Os maiores bancos da China descobriram um truque inteligente: pagar mais aos clientes para manter seus dólares, depois usar esses dólares para comprar títulos do Tesouro dos EUA. É gestão de ativos e passivos disfarçada como diplomacia financeira, e está reconfigurando os fluxos de capital entre as duas maiores economias do mundo.
Os depósitos em moeda estrangeira na China aumentaram para US$ 1,18 trilhão até o final de julho, um salto de 17,9% em relação ao ano anterior. Essa parede de dólares, alimentada por superávits comerciais recorde, precisava de um destino. A dívida do governo dos EUA, com rendimentos acima de 4,7%, revelou-se um destino bastante atraente.
A jogada da taxa de depósito
Por anos, os cinco maiores bancos estatais da China mantiveram as taxas de depósito em dólar limitadas a 2,8%, um teto que estava em vigor desde 2023. Isso mudou em junho, quando os bancos começaram a oferecer taxas acima de 3% para saldos superiores a US$ 50.000.
A matemática fazia sentido para os depositantes.
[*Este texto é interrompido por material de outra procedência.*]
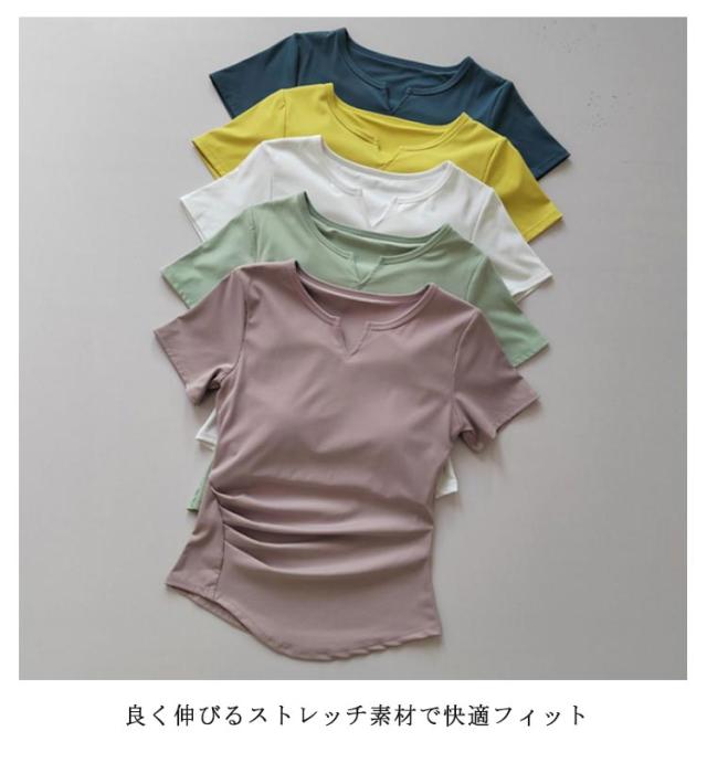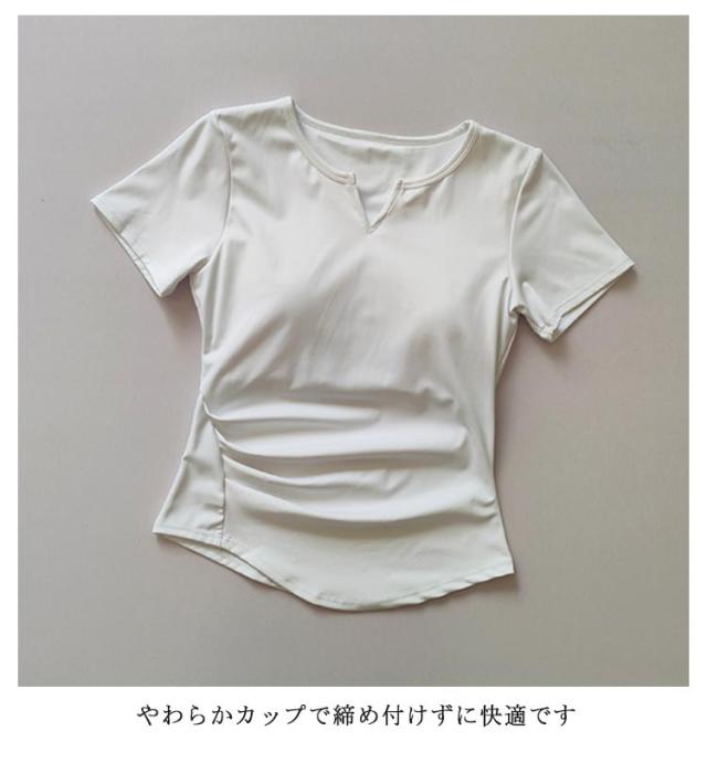 シンプル ウェア トップス ピラティス 半袖ヨガトップス ストラッピー ヨガウェア ヨガウェア かわいい 無地 へそ出し ダンス スポーツウェア フィットネス ホットヨガ ジムウェア パッド付き トレーニング ウェア 伸縮性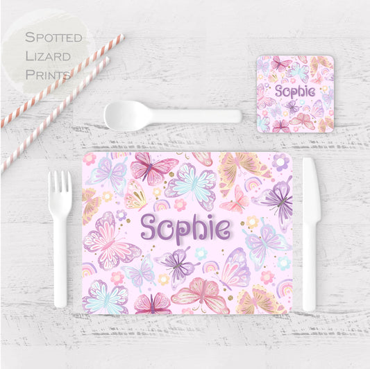 Personalised Butterfly Placemat and Coaster Set, Kid's Dinner Set, Butterflies gift, Children's Birthday Gift, Butterflies Placemat
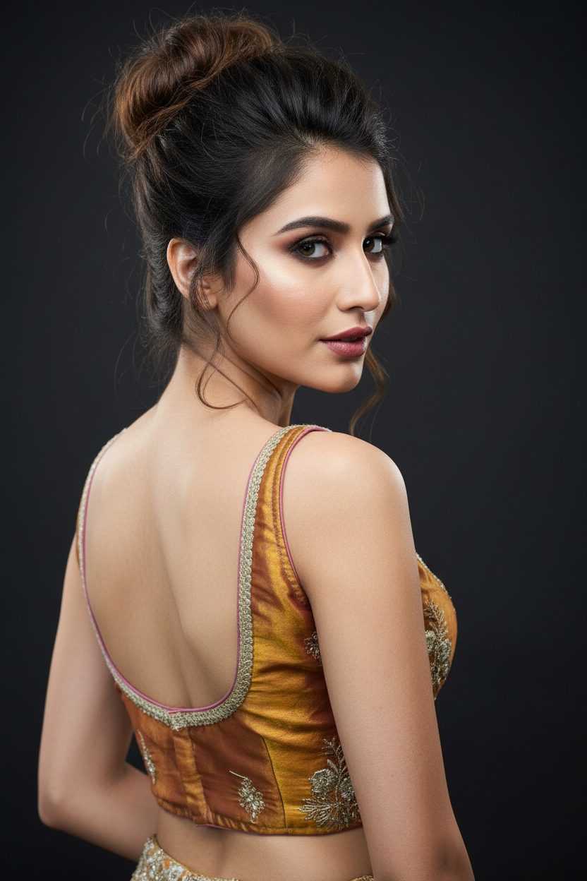 - The displayed model image is AI-generated to demonstrate the saree/kurti/dress/lehenga/blouse/cords set drape and elegance. Actual product color and details may vary slightly. Please review the original product images for precise representation.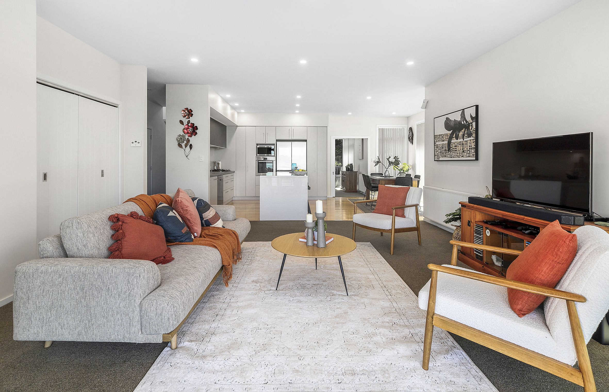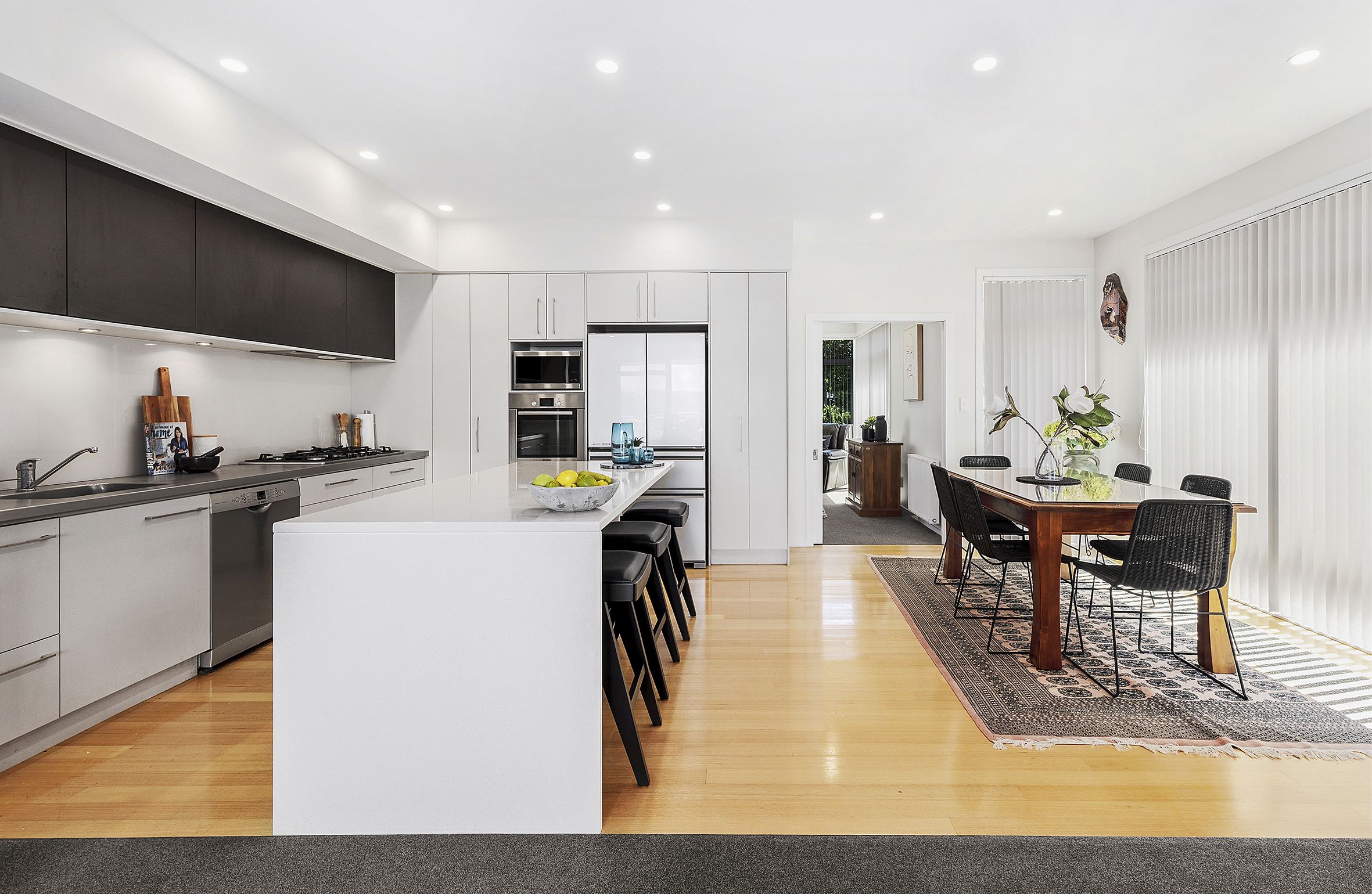 • An open plan kitchen with island bench gas hob and sleek finish, plus family dining area that makes day-to-day living and entertaining a breeze.

As taxas de depósito em yuan nos principais bancos estatais estão em apenas 0,95%. Guardar seu dinheiro em dólares a mais de três vezes essa taxa não exige um diploma em finanças para ser apreciado.
Para os bancos, esses depósitos criaram um novo problema: o que fazer com todos esses dólares. Ativos seguros domésticos denominados em moeda estrangeira são escassos na China. Fontes bancárias descreveram a situação como algo semelhante a uma “fome” de opções domésticas seguras, o que naturalmente impeliu os bancos em direção ao mercado de títulos mais profundo e líquido do planeta.
Por que títulos do tesouro, por que agora
A rentabilidade do título do Tesouro dos EUA de 10 anos subiu mais de 30 pontos base para 4,76% desde o início de junho, impulsionada por preocupações persistentes com a inflação e uma perspectiva de crescimento mais otimista nos EUA. Para os bancos chineses que detêm depósitos em dólar pagando pouco mais de 3%, comprar títulos do Tesouro a quase 4,8% cria um spread saudável.
O momento é notável porque as autoridades chinesas haviam anteriormente incentivado os bancos a limitar as compras de títulos do Tesouro em meio a tensões geopolíticas e de mercado mais amplas. Mas a onda atual de compras tem um caráter diferente dos episódios anteriores que atraíram atenção regulatória.
A principal distinção: essas compras são financiadas por depósitos em dólares dos clientes, não pela conversão de yuan em dólares. Quando os bancos convertem yuan para comprar ativos estrangeiros, exerce pressão de baixa sobre a moeda doméstica e desperta alertas no Banco Popular da China. Quando simplesmente aplicam dólares que os clientes depositaram voluntariamente, a ótica política é completamente diferente.
Essa estrutura também significa que a compra não enfraquece diretamente o yuan. Se algo, ao fornecer aos detentores de dólares um incentivo para manter seus fundos no sistema bancário em vez de transferi-los para o exterior, ajuda a estabilizar a liquidez de dólares no interior.
A imagem maior
O fato de que o superávit comercial da China continua gerando entradas massivas de dólares torna essa dinâmica autossustentável. Enquanto os exportadores chineses continuarem a ganhar mais dólares do que a economia pode absorver internamente, esses dólares precisam ser alocados em algum lugar seguro e líquido. Os títulos do Tesouro se encaixam melhor nesse papel do que quase qualquer outra coisa.
O spread entre um depósito em yuan de 0,95% e um tesouro de 4,76% é simplesmente muito amplo para os bancos ignorarem, independentemente das sensibilidades regulatórias.